■ Exercise inputs ■
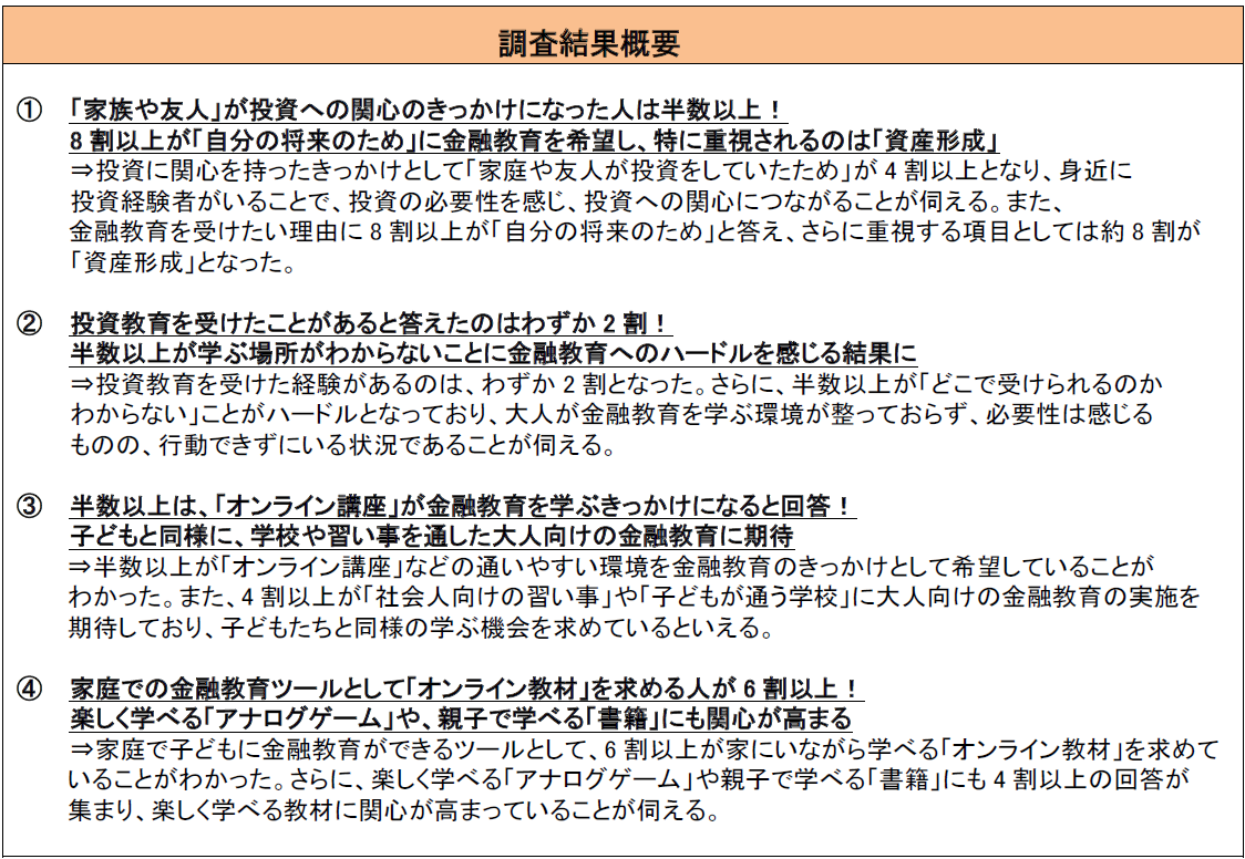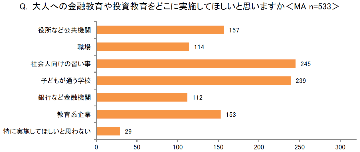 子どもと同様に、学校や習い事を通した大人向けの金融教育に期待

---

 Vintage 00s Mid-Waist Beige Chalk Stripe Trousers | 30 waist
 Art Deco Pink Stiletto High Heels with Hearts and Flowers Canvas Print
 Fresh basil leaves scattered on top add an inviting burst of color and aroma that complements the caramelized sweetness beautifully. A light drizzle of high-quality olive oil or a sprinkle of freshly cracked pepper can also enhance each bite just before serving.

==

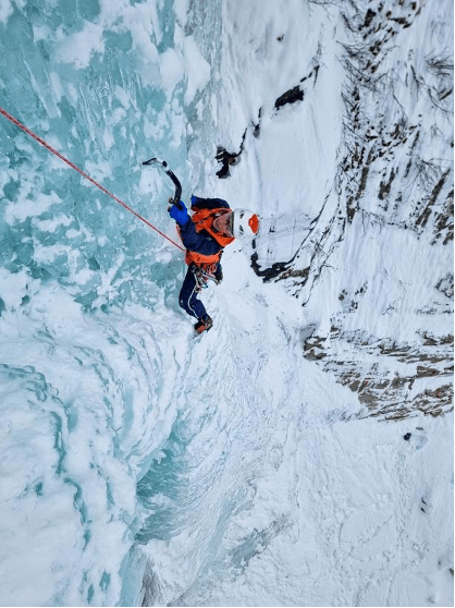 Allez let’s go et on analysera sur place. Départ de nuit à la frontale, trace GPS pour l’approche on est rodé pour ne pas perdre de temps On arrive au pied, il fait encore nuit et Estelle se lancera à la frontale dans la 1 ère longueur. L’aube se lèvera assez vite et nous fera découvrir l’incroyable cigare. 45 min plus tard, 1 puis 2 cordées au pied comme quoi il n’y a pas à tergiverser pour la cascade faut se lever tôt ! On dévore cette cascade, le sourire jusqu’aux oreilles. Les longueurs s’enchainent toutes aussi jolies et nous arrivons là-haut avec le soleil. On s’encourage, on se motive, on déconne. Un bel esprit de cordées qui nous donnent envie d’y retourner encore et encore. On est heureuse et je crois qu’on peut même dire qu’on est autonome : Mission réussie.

■ What needs to be done ■
Retype exactly, and only, the lines above from the one where "Art Deco Pink" occurs up to and including the one where "Fresh basil leaves" occurs.

■ Problem solution ■
 Art Deco Pink Stiletto High Heels with Hearts and Flowers Canvas Print
 Fresh basil leaves scattered on top add an inviting burst of color and aroma that complements the caramelized sweetness beautifully. A light drizzle of high-quality olive oil or a sprinkle of freshly cracked pepper can also enhance each bite just before serving.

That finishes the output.